— Recorded information —
• • • •

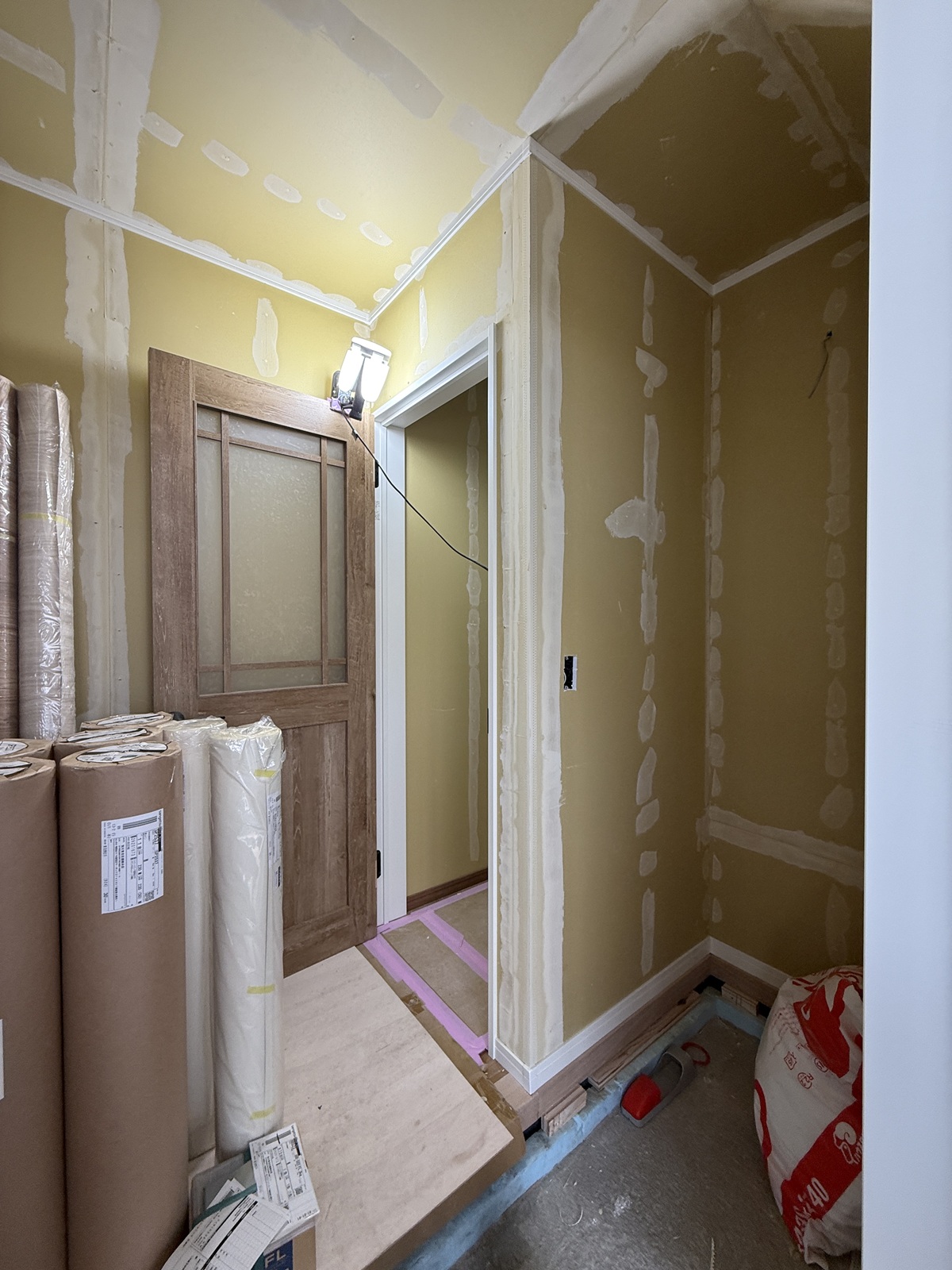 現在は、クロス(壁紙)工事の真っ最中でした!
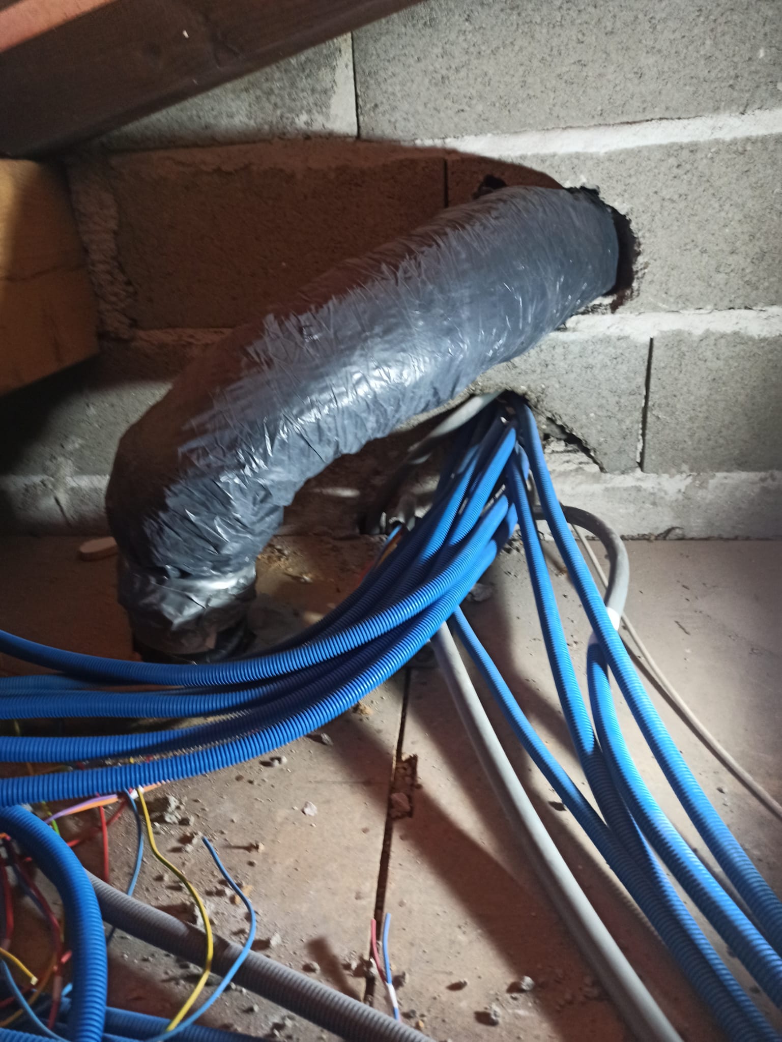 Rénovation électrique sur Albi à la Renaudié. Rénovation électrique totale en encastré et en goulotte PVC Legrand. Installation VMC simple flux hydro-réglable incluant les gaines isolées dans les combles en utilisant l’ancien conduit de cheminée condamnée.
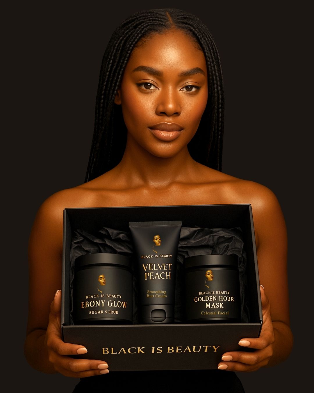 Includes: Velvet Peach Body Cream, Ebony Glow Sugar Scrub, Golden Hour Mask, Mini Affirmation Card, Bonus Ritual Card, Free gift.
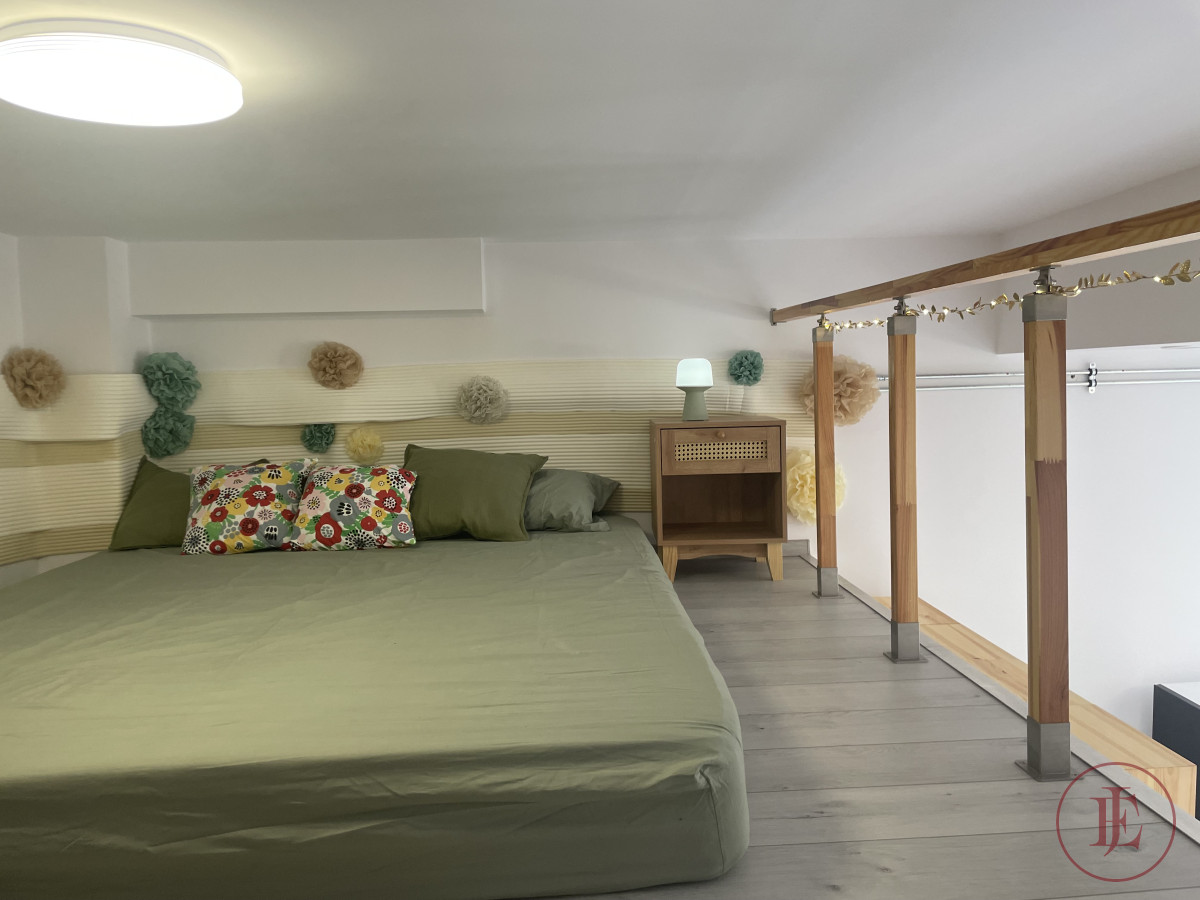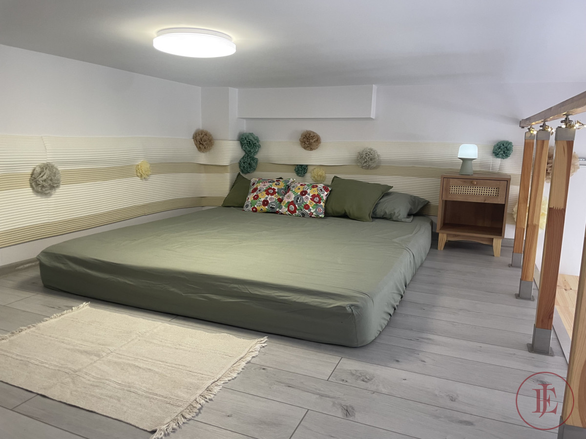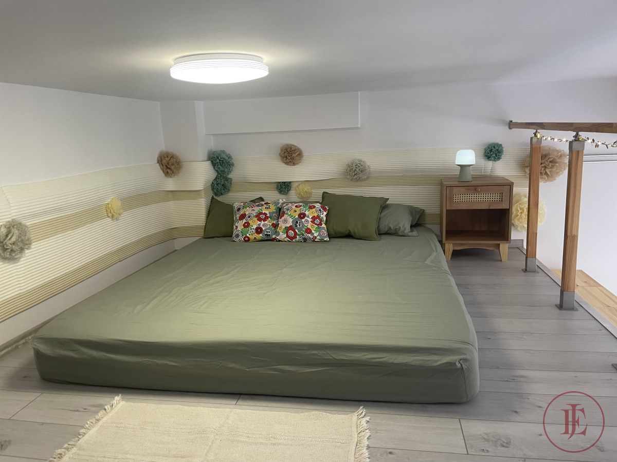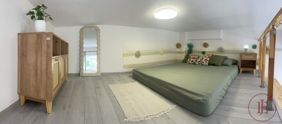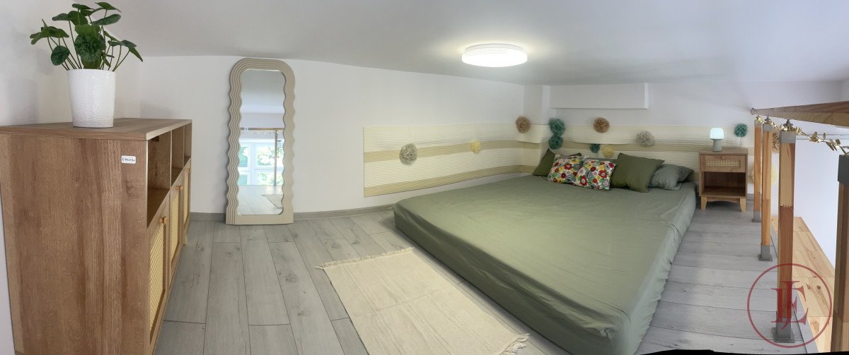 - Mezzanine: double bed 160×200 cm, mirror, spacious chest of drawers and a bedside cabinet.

• • • •

— What this task involves —
Starting with the first line of the material above and ending with the line that holds "Rénovation électrique sur", write out those lines exactly, without pictures.

— Solution to the exercise —
 現在は、クロス(壁紙)工事の真っ最中でした!
 Rénovation électrique sur Albi à la Renaudié. Rénovation électrique totale en encastré et en goulotte PVC Legrand. Installation VMC simple flux hydro-réglable incluant les gaines isolées dans les combles en utilisant l’ancien conduit de cheminée condamnée.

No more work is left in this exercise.